DATASET_PUBLISH Usage Notes - Teradata Vantage

Teradata® VantageCloud Lake

Deployment

VantageCloud

Edition

Lake

Product

Teradata Vantage

Published

January 2023

Language

English (United States)

Last Update

2024-04-03

dita:mapPath

phg1621910019905.ditamap

dita:ditavalPath

pny1626732985837.ditaval

dita:id

phg1621910019905

DATASET_PUBLISH composes a DATASET data type instance from different data sources (anything referenced in an SQL statement). DATASET_PUBLISH publishes DATASET data types of any storage format, exporting stored data stored to an externally recognizable file format. DATASET_PUBLISH returns one output column, "data," which returns the data composed as a result of this operation.

The formats vary:

Data composed as Avro is returned as an instance of the DATASET type with storage format AVRO. When a DATASET data type stored as AVRO creates an Avro instance by using DATASET_PUBLISH, its schema is combined with the output schema. The default is to publish DATASET values in the AVRO storage format.
Data composed as CSV returns as a DATASET type instance with storage format CSV. The CSV file contains a header line with CSV column names and data. If the specified schema has a null field_names key, no header is included with the CSV value. All data is separated using the row and column delimiters. All Teradata complex data types (including DATASET) creating a CSV instance with DATASET_PUBLISH are converted to text representation and treated as one field in the CSV instance. To include a schema in the DATASET type, use the SCHEMA clause.
If the DATASET value has a schema and is inserted into a table column with a column-based schema defined, the schema is removed from the value, and the CSV data is validated against the column-based schema.

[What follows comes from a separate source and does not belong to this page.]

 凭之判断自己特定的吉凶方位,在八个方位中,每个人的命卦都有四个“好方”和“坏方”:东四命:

JSON data and DATASET data are not supported as input.
JSON data published to a DATASET type is converted to the desired storage format and then combined with the output.
Any other Teradata complex data types used to create an AVRO or CSV instance by using DATASET_PUBLISH are converted to text representation and treated as one field in the resulting instance. Distinct and structured UDTs are not supported.

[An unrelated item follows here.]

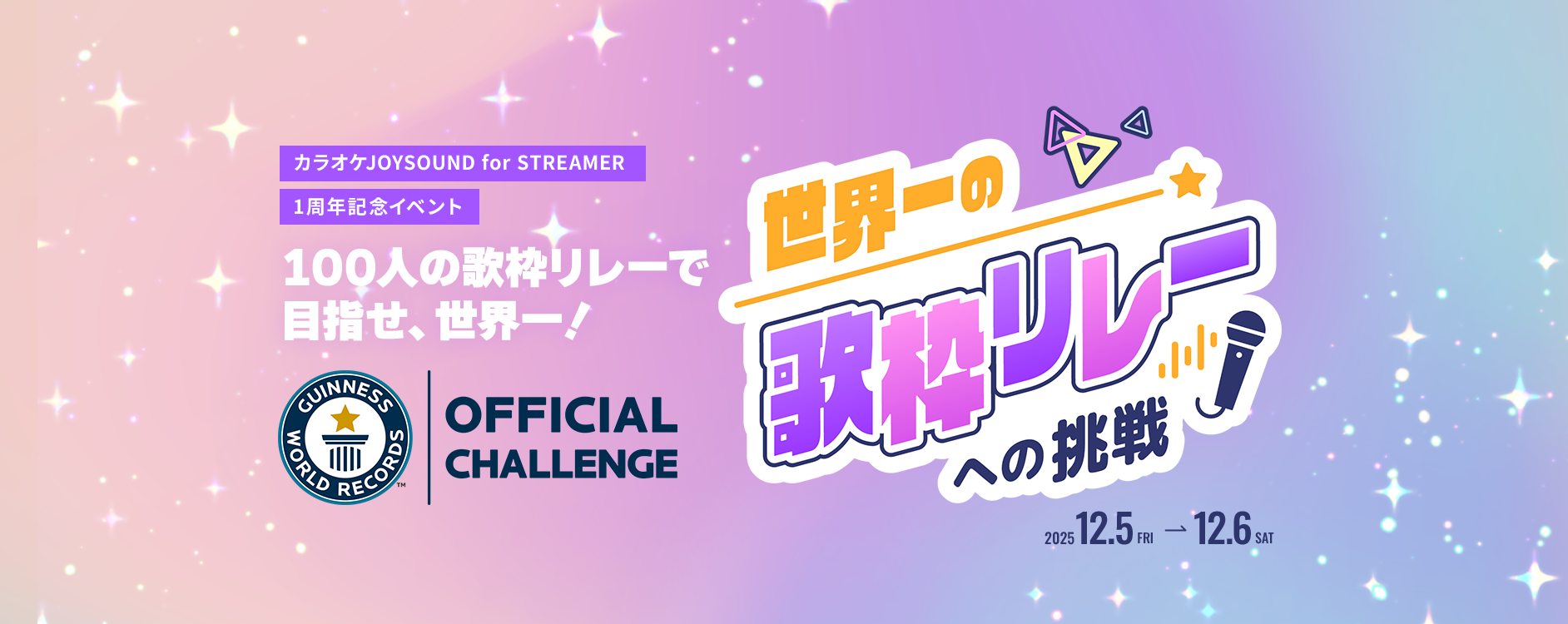 そんな「カラオケJOYSOUND for STREAMER」の1周年を記念して開催する今回のイベントでは、「歌枠」をつないでいく『歌枠リレー』を、総勢100名の出演者によって実施します。12月5日(金)18時より、各出演者が15分ずつ交代でYouTubeの活動チャンネルにて歌枠を配信。100名のリレーが見事完結した場合には、「生配信のカラオケ歌枠リレーイベントに参加した最多人数(Most participants in a livestreamed karaoke relay event)」のギネス世界記録™へのチャレンジ認定を受け、世界一の歌枠リレーとして登録される見込みです。

When DATASET_PUBLISH is used to compose an Avro instance and you are publishing types that are found as nullable by definition, the schema marks the type as such by using a union of null and the corresponding data type. Therefore, the schema type for a field looks like "type":["null","int"] instead of "type":"int".

Null is guaranteed to be the first element in the union for the auto-generated Avro schema.